* [WORK INSTRUCTION]: Exact reproduction of all the data is required, with pictures excluded.

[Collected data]
=== Section Start ===
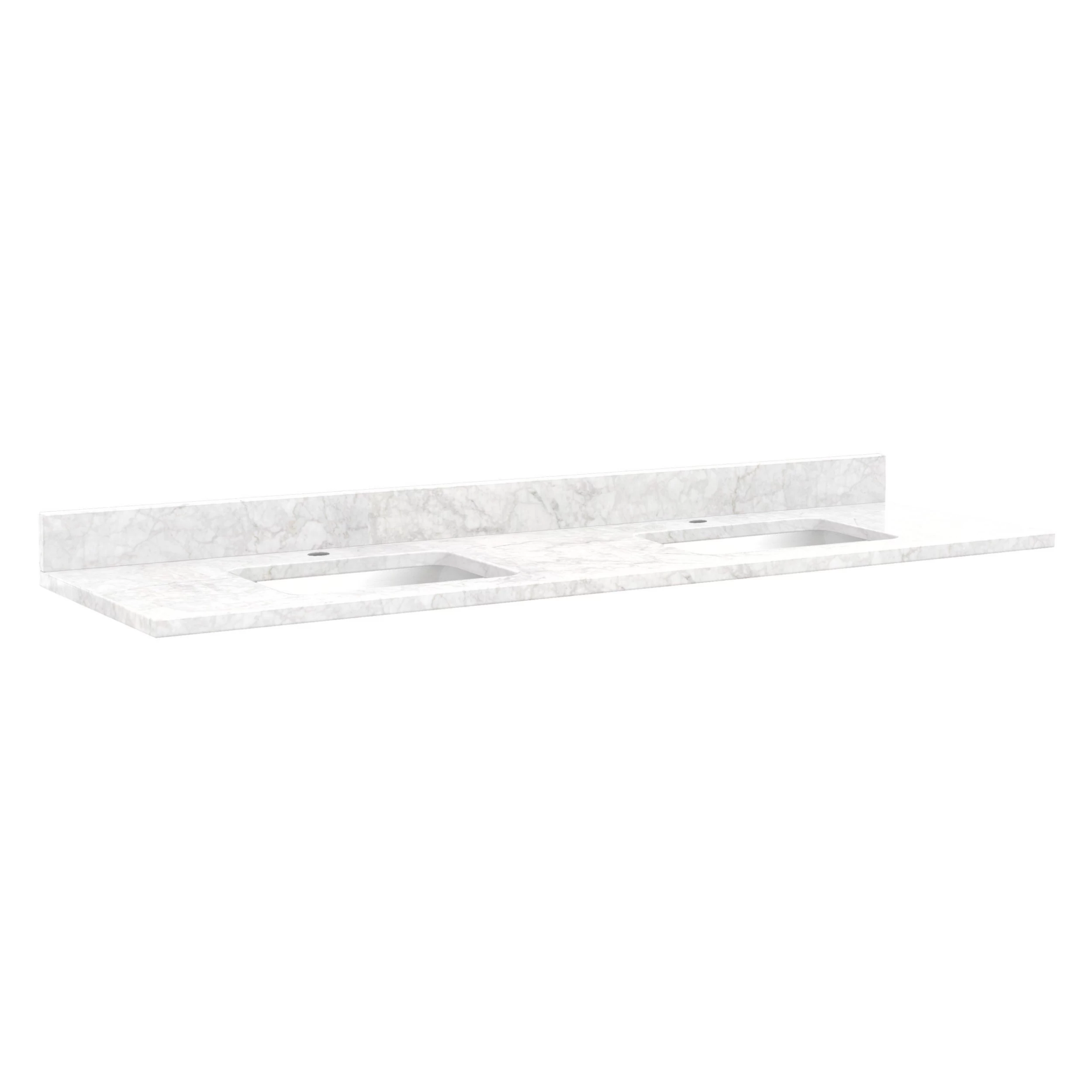 - Includes marble countertop, backsplash, and two white porcelain sinks.
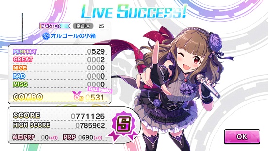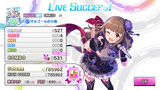 なんとバグ発生。なんと曲が始まらない!その間20秒程度。なんにもノーツ来てないのに特技が発動したりとネタにはなりそうだけど。
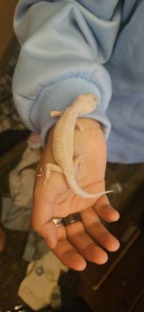 Gender unknown the stripe one fully tamed the all white one untamed both very young eats mealworms and crickets there $150 each and $250 for both
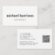 Professional business card featuring your name front and center in bold minimal modern typography and your profession, job title or company underneath in simple typography. On the back, add your contact information and input a URL address to create a scannable QR code connected to your website, portfolio, social media profile, or any other platform that showcases your work, making it easy for customers and clients to explore your expertise.
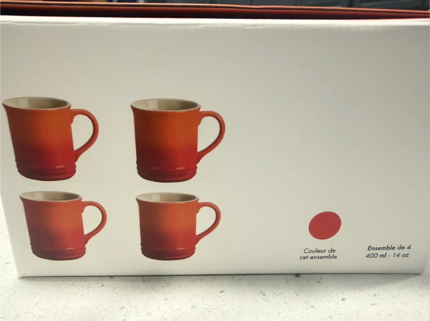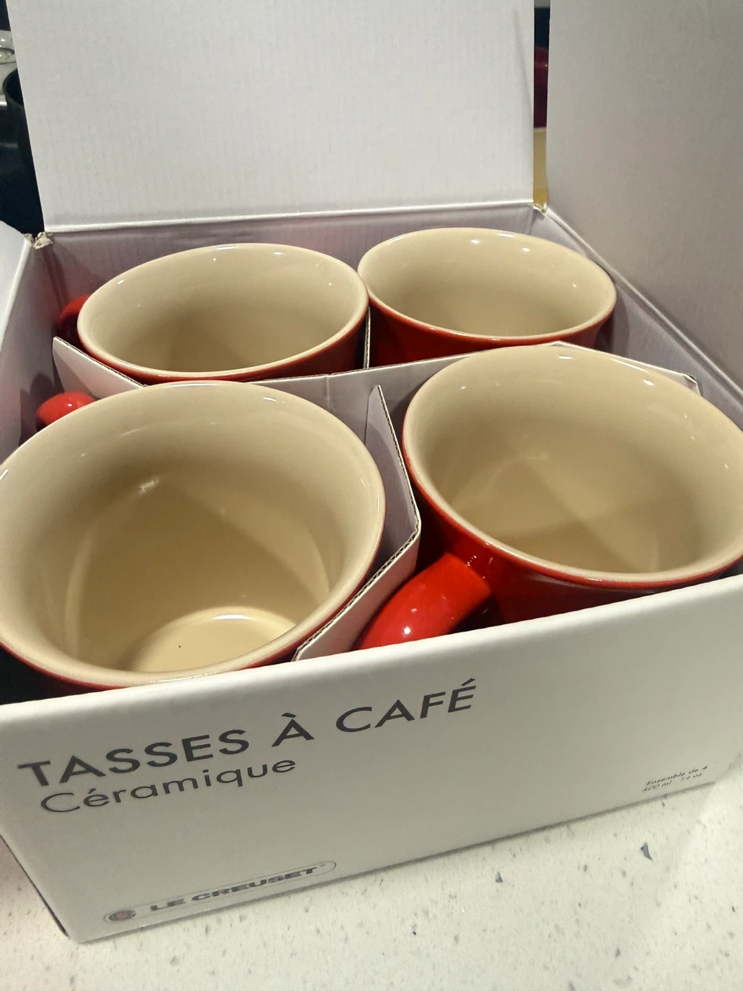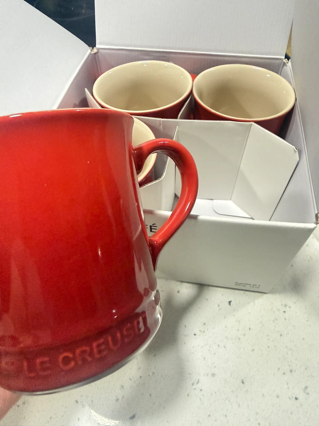 Brand new Le Creuset set of 4 mugs in a vibrant red colour. They come in the original box. Each mug has a capacity of 400 ml or 14 oz. Perfect for enjoying your favourite hot beverages!
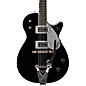 The G6128T-TVP Power Jet™ puts a snarl into That Great Gretsch Sound!™ It’s a modified version of the classic Duo Jet, with a bound single-cutaway chambered mahogany body, arched top, one-piece mahogany neck and bound ebony fingerboard with Neo Classic™ thumbnail inlays. Other features include dual TV Jones® Power’Tron™ pickups, three-position pickup switch, three-position master tone switch, silver plexi pickguard, bound headstock with pearloid Gretsch® logo inlay, Sperzel® locking tuners, pinned Adjusto-Matic™ bridge, Bigsby® B3C vibrato tailpiece, and mahogany stain finish with jet black top. Includes case.
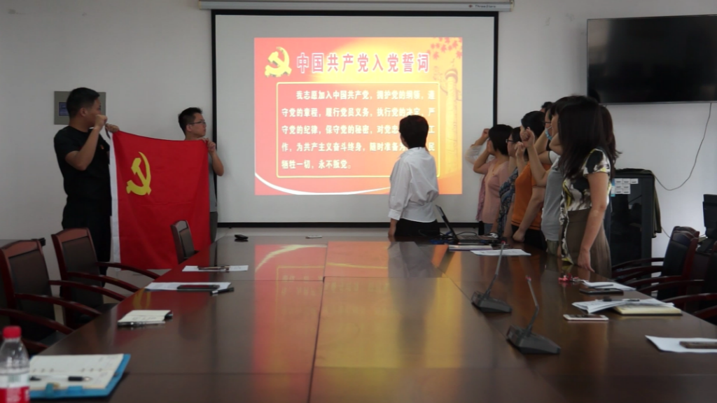 鲜活的战疫事迹点燃了大家的热情,支部随即进行了“重温入党誓词”。在支部组织委员齐璐璐的领誓下,党员们面对鲜红的党旗,高举右手,握紧拳头,再次庄严宣誓“我志愿加入中国共产党……永不叛党”。铿锵誓言,,强烈震撼着在场的每一位党员,使每一位党员再一次接受了深刻的党性教育和灵魂洗礼。与会党员同志纷纷表示,通过重温入党誓词,再一次体会到了作为一名共产党员的责任感和使命感,在今后的工作中一定以进取的心态和昂扬的斗志践行入党誓词,以踏实的工作态度为学校的发展做出自己应有的贡献。
=== Section End ===
* [TASK SOLUTION]:
 - Includes marble countertop, backsplash, and two white porcelain sinks.
 なんとバグ発生。なんと曲が始まらない!その間20秒程度。なんにもノーツ来てないのに特技が発動したりとネタにはなりそうだけど。
 Gender unknown the stripe one fully tamed the all white one untamed both very young eats mealworms and crickets there $150 each and $250 for both
 Professional business card featuring your name front and center in bold minimal modern typography and your profession, job title or company underneath in simple typography. On the back, add your contact information and input a URL address to create a scannable QR code connected to your website, portfolio, social media profile, or any other platform that showcases your work, making it easy for customers and clients to explore your expertise.
 Brand new Le Creuset set of 4 mugs in a vibrant red colour. They come in the original box. Each mug has a capacity of 400 ml or 14 oz. Perfect for enjoying your favourite hot beverages!
 The G6128T-TVP Power Jet™ puts a snarl into That Great Gretsch Sound!™ It’s a modified version of the classic Duo Jet, with a bound single-cutaway chambered mahogany body, arched top, one-piece mahogany neck and bound ebony fingerboard with Neo Classic™ thumbnail inlays. Other features include dual TV Jones® Power’Tron™ pickups, three-position pickup switch, three-position master tone switch, silver plexi pickguard, bound headstock with pearloid Gretsch® logo inlay, Sperzel® locking tuners, pinned Adjusto-Matic™ bridge, Bigsby® B3C vibrato tailpiece, and mahogany stain finish with jet black top. Includes case.
 鲜活的战疫事迹点燃了大家的热情,支部随即进行了“重温入党誓词”。在支部组织委员齐璐璐的领誓下,党员们面对鲜红的党旗,高举右手,握紧拳头,再次庄严宣誓“我志愿加入中国共产党……永不叛党”。铿锵誓言,,强烈震撼着在场的每一位党员,使每一位党员再一次接受了深刻的党性教育和灵魂洗礼。与会党员同志纷纷表示,通过重温入党誓词,再一次体会到了作为一名共产党员的责任感和使命感,在今后的工作中一定以进取的心态和昂扬的斗志践行入党誓词,以踏实的工作态度为学校的发展做出自己应有的贡献。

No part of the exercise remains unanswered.